As bacteria develop resistance to existing antibiotics, new ones are desperately needed, and PCAST suggests that the additional funds could lead to one new antibiotic per year.

The White House's National Strategy, released at the same time as PCAST's report, contains many of the same priorities, outlining five major goals for addressing the situation:

  • slowing the emergence and spread of resistant bacteria
  • strengthening surveillance
  • developing better tests for identifying resistant bacteria
  • researching new drugs
  • collaborating with other countries on combating superbugs.

As an incentive for researchers, the National Institutes of Health and Biomedical Advanced Research and Development Authority are co-sponsoring a $20 million prize to the first group to develop a rapid, point-of-care diagnostic test for identifying antibiotic-resistant bacterial infections.

Too Much Of A Good Thing

Stopping the spread of superbugs will require "judicious use of antibiotics in healthcare and agriculture settings," as the National Strategy puts it.

The inappropriate use of antibiotics is a major cause of antibiotic-resistant bacteria and a huge problem in the United States. In a report released last year, the CDC estimated that as many as 50% of all antibiotic prescriptions are prescribed inappropriately - they're given to people who don't really need them, or they're given in the wrong dose. But it's not just people who are popping the pills.

In 2009, the federal Food and Drug Administration estimated that approximately 29 million pounds of antibiotics are sold every year for use in food animals, to stave off infection before it happens and to promote growth.

The problem is so persistent that last year the FDA released a document containing industry guidance on giving antibiotics to food-producing animals. Its recommendation was to use the drugs only in cases considered necessary to an animal's health - something that would represent a major shift from current agricultural use.

The guidelines are simply gentle recommendations, and they aren't legally enforceable. But the FDA called attention to the problem because antibiotic overuse in the animals we eat directly affects our health: What goes into our food animals often ends up in our own bodies.

Here's a chart from the CDC explaining how antibiotic-resistant bacteria can spread among animals and humans:

Antibiotic_Resistant_Bacteria_CDC

Centers for Disease Control and Prevention

What's Next

Although the White House has broken ground as the first administration to make major efforts to address the issue, some advocates feel that the government could still take things a step further - especially when it comes to agriculture.

"Today's report from the President's science advisors underscores the crisis we're facing as bacteria become increasingly resistant to antibiotics," said Mae Wu, health attorney at the Natural Resources Defense Council - an environmental advocacy and lobbying group that opposes non-medical uses of antibiotics - in a statement. "Unfortunately, much more follow through is needed... [to] curb the overuse of antibiotics in animals, which consume about 80 percent of the antibiotics sold in the United States."

"Farmers don't rush to treat animals with antibiotics," countered the American Farm Bureau, a lobbying group, in a statement.

Meanwhile, both PCAST's report and the White House's national strategy document acknowledge the need for alternatives to antibiotics in food animals.
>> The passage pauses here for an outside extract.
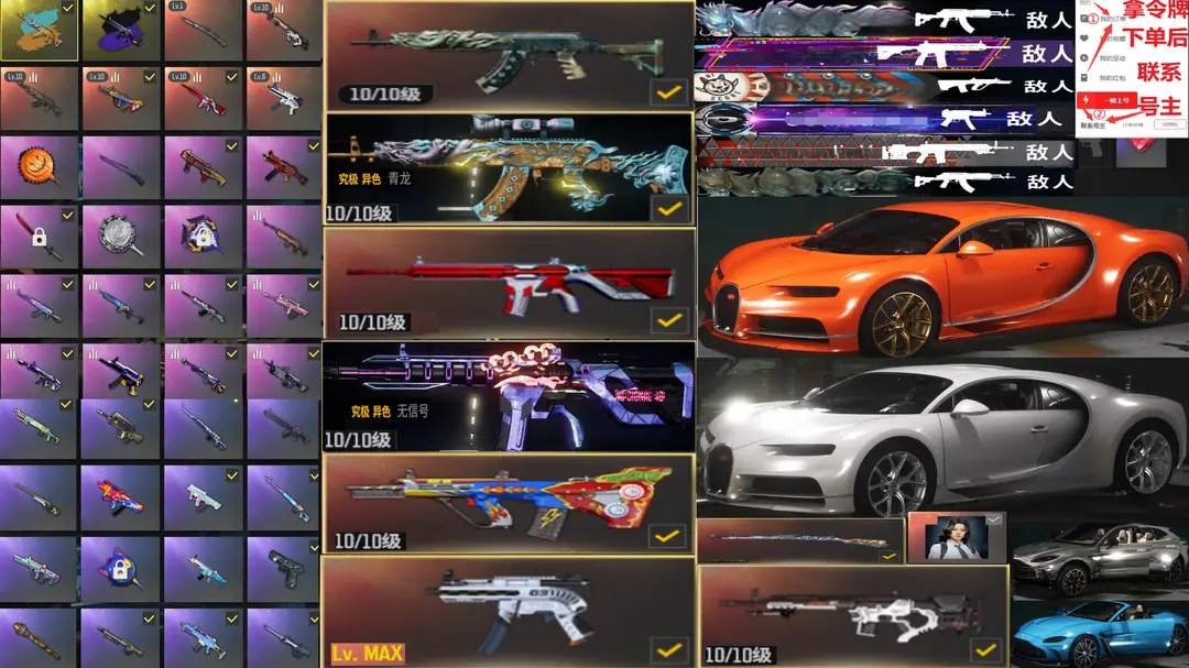 布加迪✅⑩金龙⑩异色青龙M762⑩异色M4无信号⑩AUG爆裂⑩MK危机⑩MP5瀚娜尼尔黑人战神可排位

One of the national strategy's major objectives is to "eliminate the use of medically important antibiotics for growth promotion in animals." But how or when this action will occur is not yet clear.
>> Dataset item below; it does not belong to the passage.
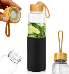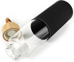 Stilīga un izturīga stikla pudele palīdz ievērot dzeršanas režīmu mājās, birojā un ceļā. Borosilikāta stikls labāk panes temperatūras maiņas, tāpēc bez raizēm varēsiet baudīt ūdeni, limonādi, smūtijus un karstu tēju. Bambusa vāciņš ar siksniņu nodrošina ērtu pārnēsāšanu un piekāršanu.

The president's task force is required to submit a five-year national action plan by Feb. 15, 2015, outlining specific actions that should be taken to implement the national strategy released Thursday. That should reveal more details about how PCAST's recommendations and the White House report might actually shape policies going forward.

The stage is set for a turning point in the fight against antibiotic-resistant bacteria - whether the follow-through will measure up remains to be seen.